* _Prompt_
Nothing but the lines from the start of the data through the line with "Herbetom Aminikum 180" should appear in the answer, each retyped exactly, and pictures should not.

* _Data excerpts_
=== Section Start ===

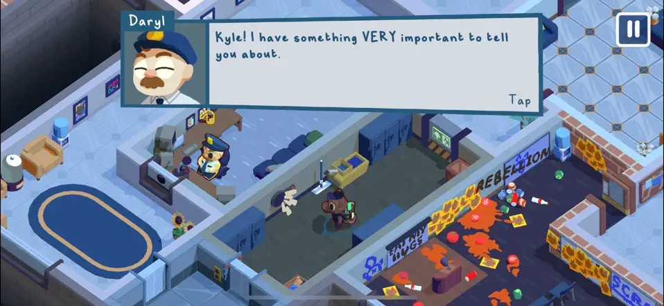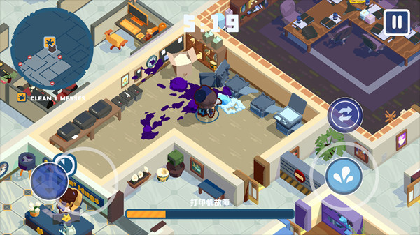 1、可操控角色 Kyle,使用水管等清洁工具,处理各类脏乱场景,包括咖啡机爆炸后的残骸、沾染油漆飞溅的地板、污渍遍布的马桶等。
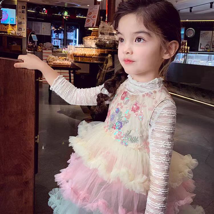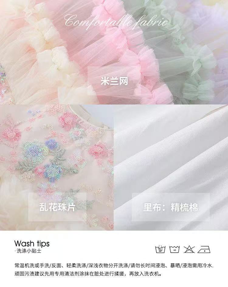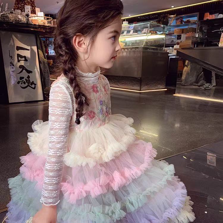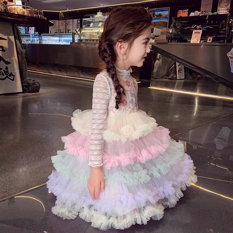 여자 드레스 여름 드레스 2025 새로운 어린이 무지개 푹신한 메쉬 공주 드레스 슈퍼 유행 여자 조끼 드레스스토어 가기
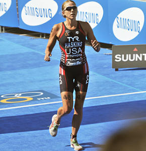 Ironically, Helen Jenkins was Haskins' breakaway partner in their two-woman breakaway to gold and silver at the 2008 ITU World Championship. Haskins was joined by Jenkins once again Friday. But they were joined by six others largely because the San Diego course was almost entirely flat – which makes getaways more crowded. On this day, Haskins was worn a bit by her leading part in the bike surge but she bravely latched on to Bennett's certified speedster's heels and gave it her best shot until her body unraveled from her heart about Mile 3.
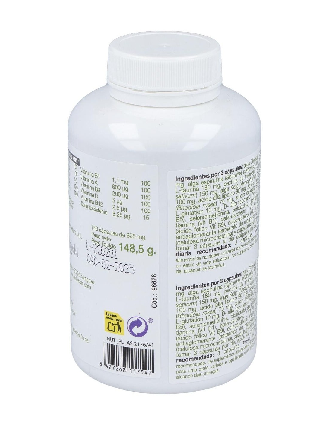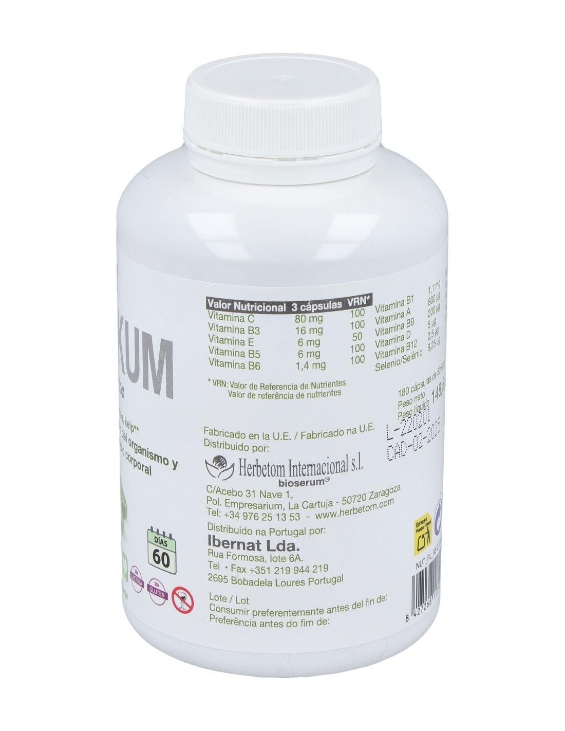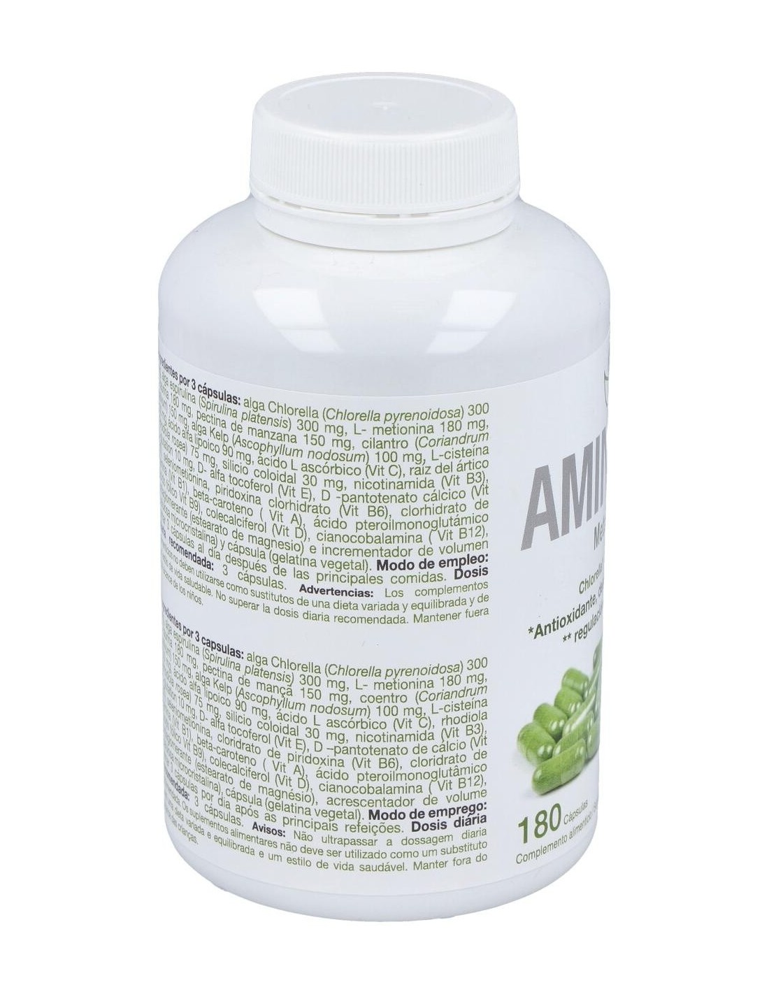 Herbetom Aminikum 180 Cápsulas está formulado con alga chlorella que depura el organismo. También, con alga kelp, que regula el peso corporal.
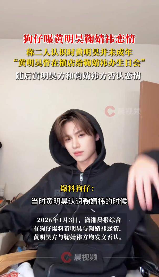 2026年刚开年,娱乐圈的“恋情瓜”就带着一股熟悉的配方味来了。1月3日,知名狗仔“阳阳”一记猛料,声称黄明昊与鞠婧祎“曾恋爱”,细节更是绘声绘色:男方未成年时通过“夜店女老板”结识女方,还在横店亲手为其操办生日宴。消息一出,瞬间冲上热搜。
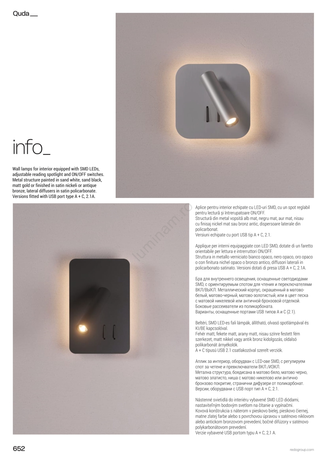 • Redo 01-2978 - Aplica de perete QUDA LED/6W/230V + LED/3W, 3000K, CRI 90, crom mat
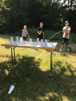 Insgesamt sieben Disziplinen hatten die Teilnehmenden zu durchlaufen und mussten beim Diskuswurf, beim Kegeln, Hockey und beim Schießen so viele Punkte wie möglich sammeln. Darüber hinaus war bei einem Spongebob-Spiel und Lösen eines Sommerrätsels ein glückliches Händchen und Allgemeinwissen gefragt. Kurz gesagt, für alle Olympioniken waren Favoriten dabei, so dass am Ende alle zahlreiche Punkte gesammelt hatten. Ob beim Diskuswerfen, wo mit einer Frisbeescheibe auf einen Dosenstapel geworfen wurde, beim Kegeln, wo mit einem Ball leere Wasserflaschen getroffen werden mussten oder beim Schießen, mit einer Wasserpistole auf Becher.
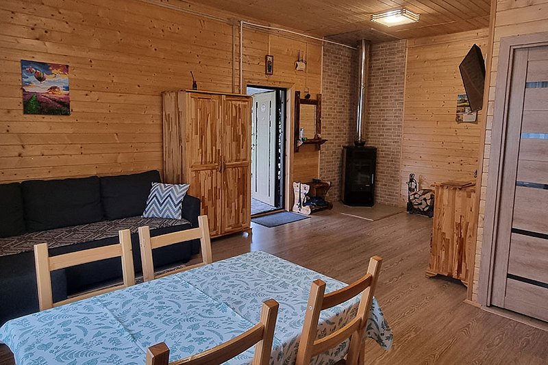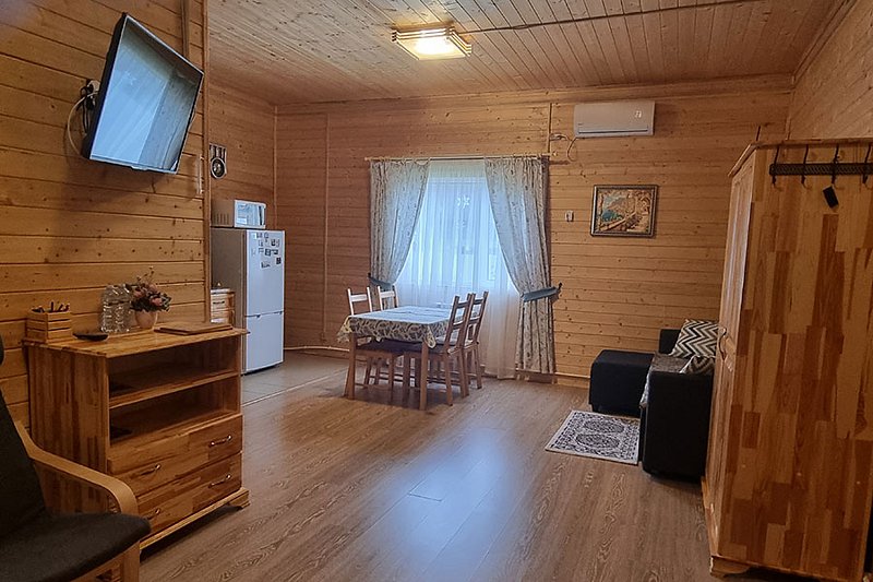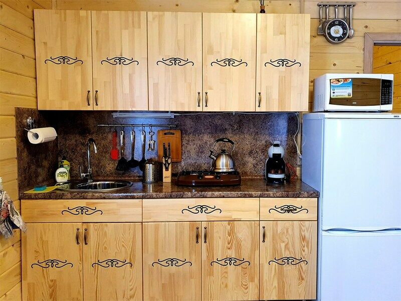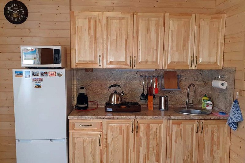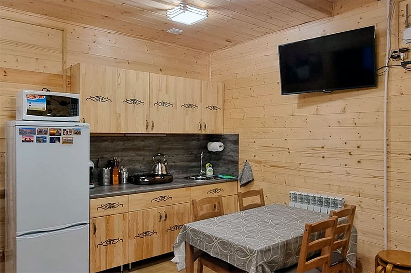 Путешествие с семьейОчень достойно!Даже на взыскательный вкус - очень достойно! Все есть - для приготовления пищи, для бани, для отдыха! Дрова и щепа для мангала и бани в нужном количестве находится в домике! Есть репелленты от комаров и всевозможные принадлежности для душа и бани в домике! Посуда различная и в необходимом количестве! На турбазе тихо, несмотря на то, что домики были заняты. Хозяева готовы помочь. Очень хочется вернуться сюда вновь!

=== Section End ===

* _Answer to this exercise_
 1、可操控角色 Kyle,使用水管等清洁工具,处理各类脏乱场景,包括咖啡机爆炸后的残骸、沾染油漆飞溅的地板、污渍遍布的马桶等。
 여자 드레스 여름 드레스 2025 새로운 어린이 무지개 푹신한 메쉬 공주 드레스 슈퍼 유행 여자 조끼 드레스스토어 가기
 Ironically, Helen Jenkins was Haskins' breakaway partner in their two-woman breakaway to gold and silver at the 2008 ITU World Championship. Haskins was joined by Jenkins once again Friday. But they were joined by six others largely because the San Diego course was almost entirely flat – which makes getaways more crowded. On this day, Haskins was worn a bit by her leading part in the bike surge but she bravely latched on to Bennett's certified speedster's heels and gave it her best shot until her body unraveled from her heart about Mile 3.
 Herbetom Aminikum 180 Cápsulas está formulado con alga chlorella que depura el organismo. También, con alga kelp, que regula el peso corporal.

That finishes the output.